--- Problem ---
Transcribe, exactly and without pictures, the lines below from the line with "No damage to" to the line with "根據小米的説法,相比上代的微型水滴轉軸,龍骨轉軸在展開狀態下厚度從 3.0mm 降低到", both ends included, and no others.

--- Provided material ---
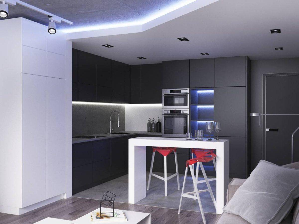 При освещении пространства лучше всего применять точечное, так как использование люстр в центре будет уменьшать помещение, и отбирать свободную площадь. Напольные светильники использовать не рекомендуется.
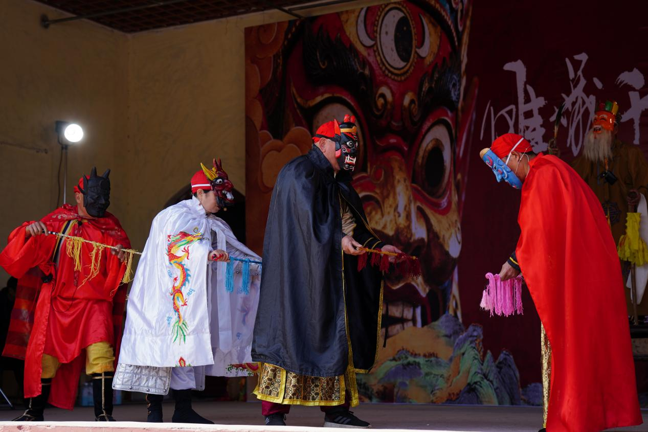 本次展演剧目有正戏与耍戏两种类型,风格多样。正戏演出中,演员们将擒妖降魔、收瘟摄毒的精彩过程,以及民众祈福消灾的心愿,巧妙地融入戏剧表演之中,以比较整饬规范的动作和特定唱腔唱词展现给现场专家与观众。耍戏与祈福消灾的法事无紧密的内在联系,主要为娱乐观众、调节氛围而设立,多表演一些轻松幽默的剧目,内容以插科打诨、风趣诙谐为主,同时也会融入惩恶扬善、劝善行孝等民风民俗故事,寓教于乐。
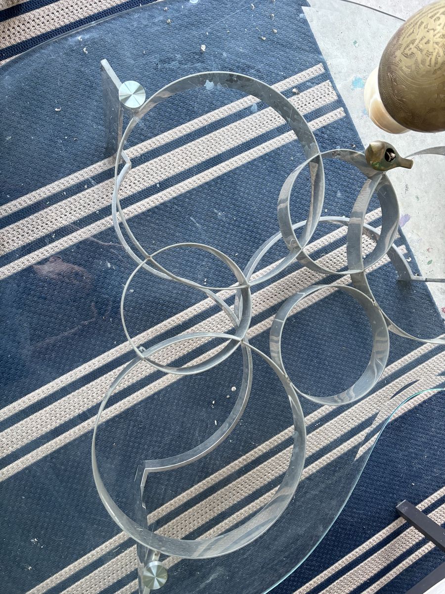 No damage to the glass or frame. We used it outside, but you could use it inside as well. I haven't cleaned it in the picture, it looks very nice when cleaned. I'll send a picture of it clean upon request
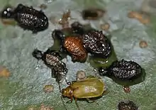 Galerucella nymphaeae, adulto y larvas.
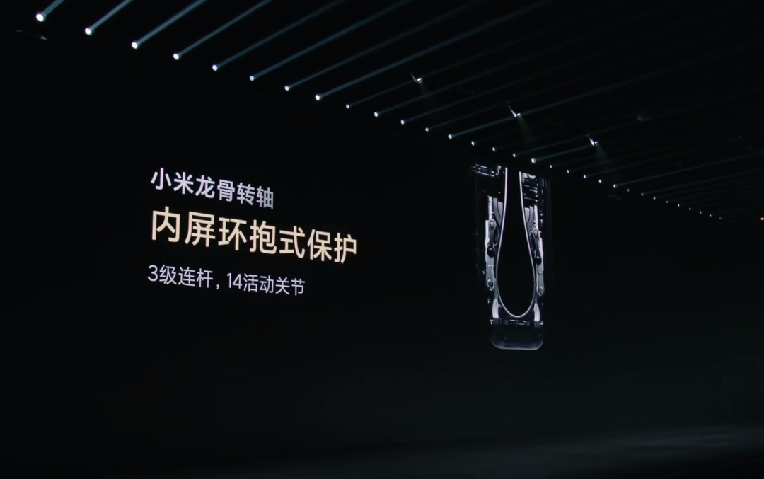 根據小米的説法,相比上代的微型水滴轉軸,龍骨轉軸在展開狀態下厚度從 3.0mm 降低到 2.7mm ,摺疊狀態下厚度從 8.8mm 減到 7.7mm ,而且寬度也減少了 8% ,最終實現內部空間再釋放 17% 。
---
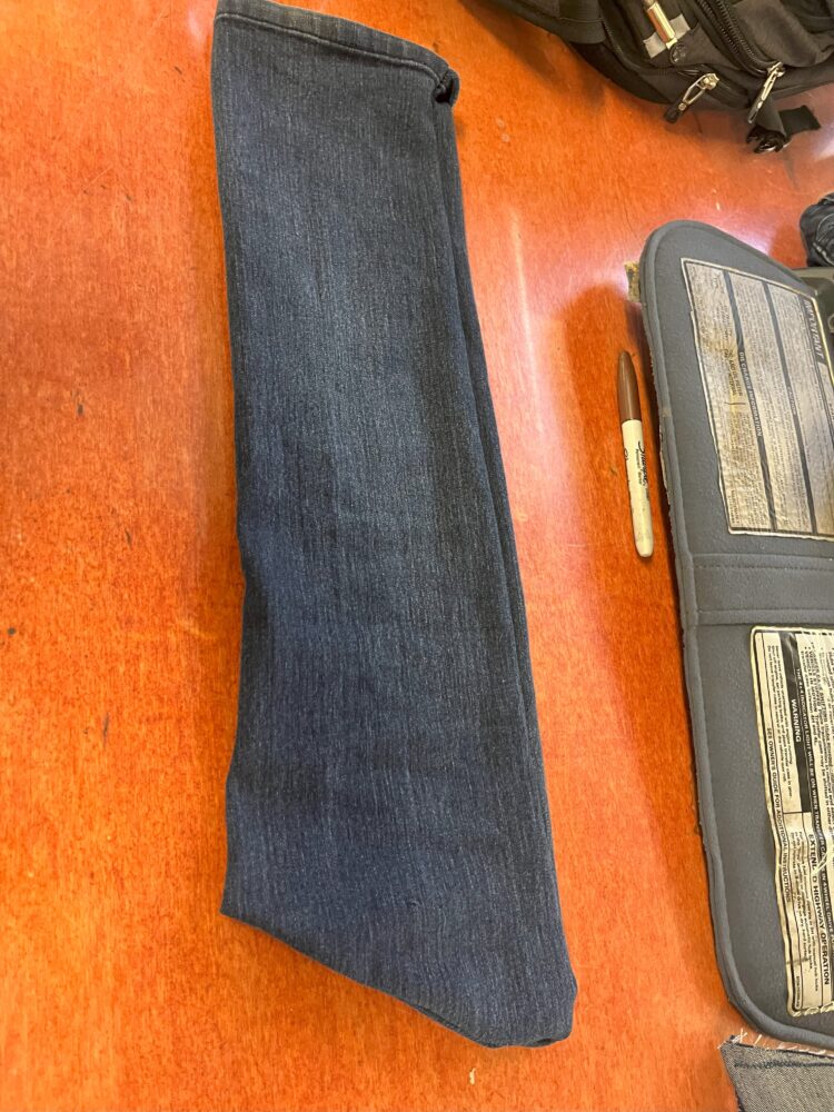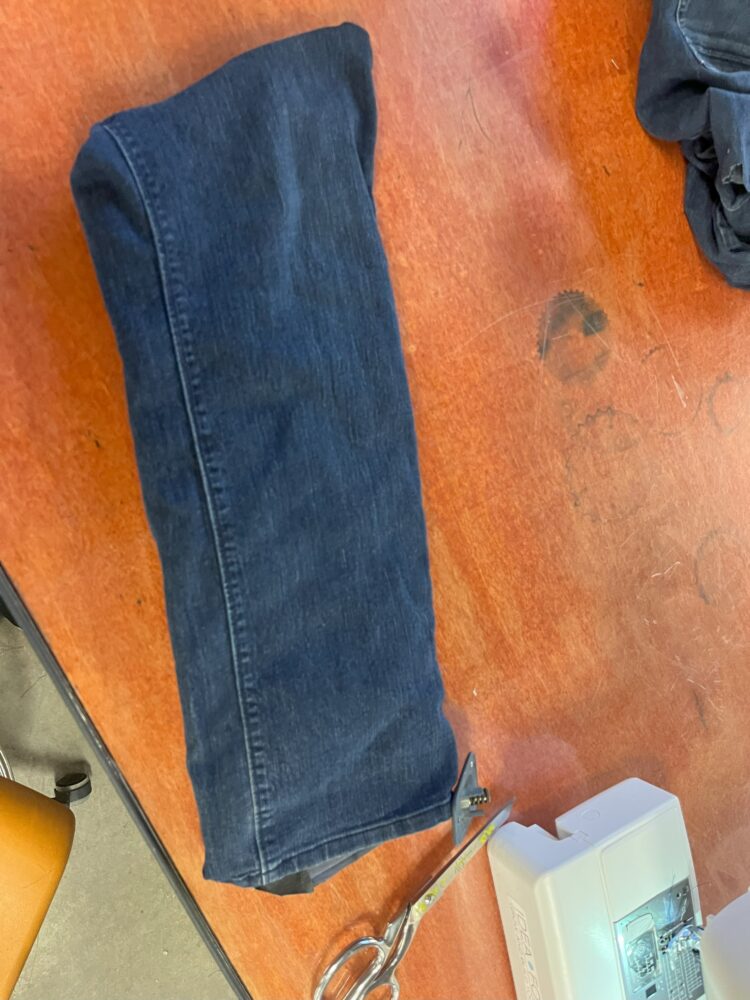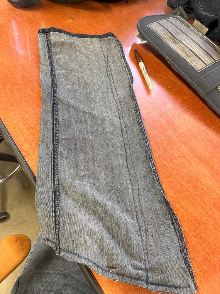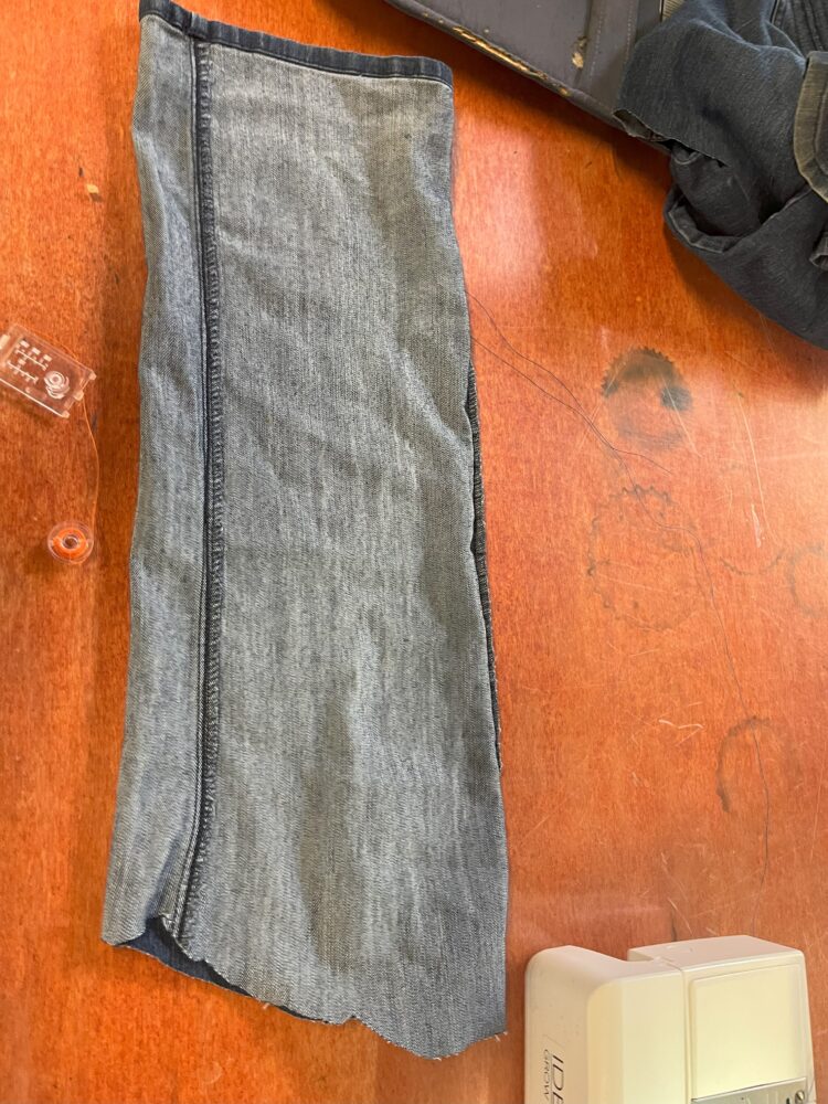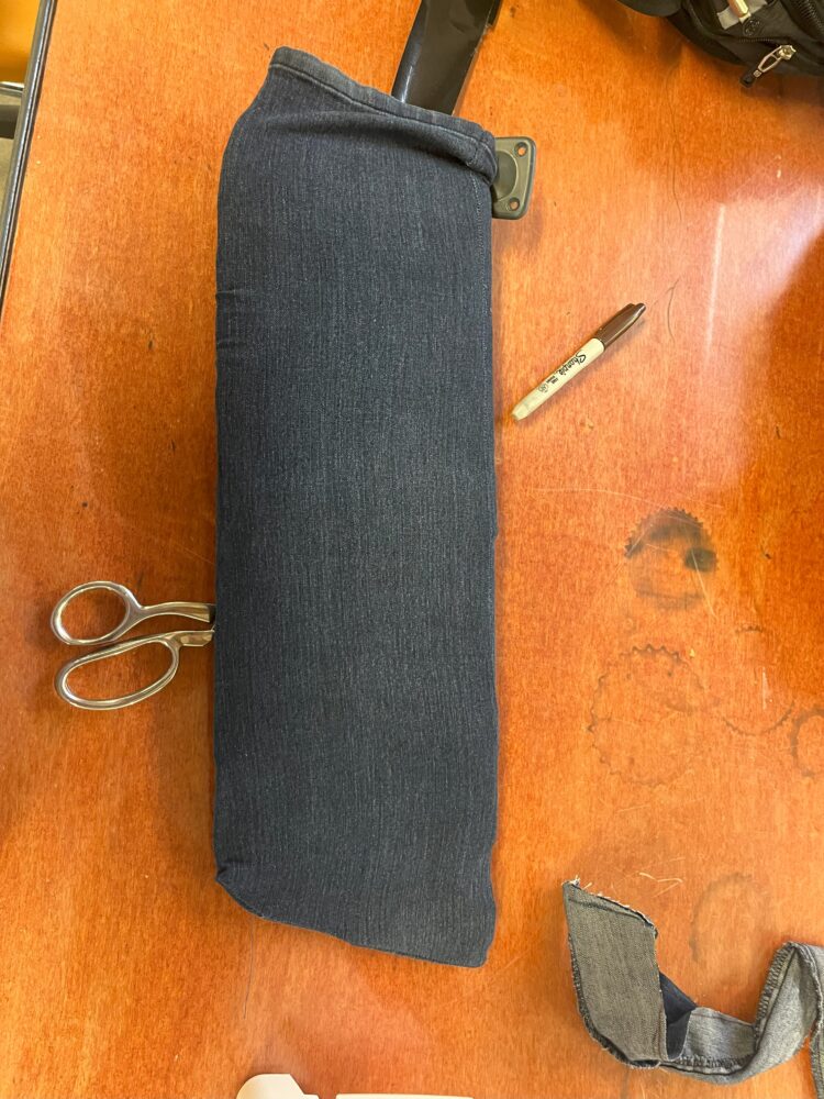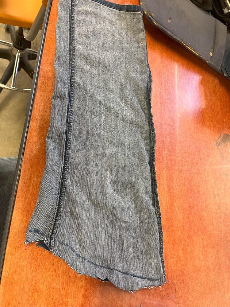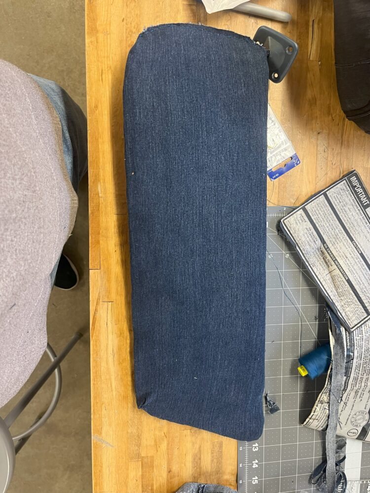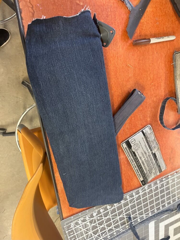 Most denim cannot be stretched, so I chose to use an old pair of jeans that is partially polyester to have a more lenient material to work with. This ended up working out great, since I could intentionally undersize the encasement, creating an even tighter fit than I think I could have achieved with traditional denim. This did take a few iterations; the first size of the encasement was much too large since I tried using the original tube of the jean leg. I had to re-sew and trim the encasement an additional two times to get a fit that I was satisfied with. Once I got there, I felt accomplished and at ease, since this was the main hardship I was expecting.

--- Response to the exercise ---
 No damage to the glass or frame. We used it outside, but you could use it inside as well. I haven't cleaned it in the picture, it looks very nice when cleaned. I'll send a picture of it clean upon request
 Galerucella nymphaeae, adulto y larvas.
 根據小米的説法,相比上代的微型水滴轉軸,龍骨轉軸在展開狀態下厚度從 3.0mm 降低到 2.7mm ,摺疊狀態下厚度從 8.8mm 減到 7.7mm ,而且寬度也減少了 8% ,最終實現內部空間再釋放 17% 。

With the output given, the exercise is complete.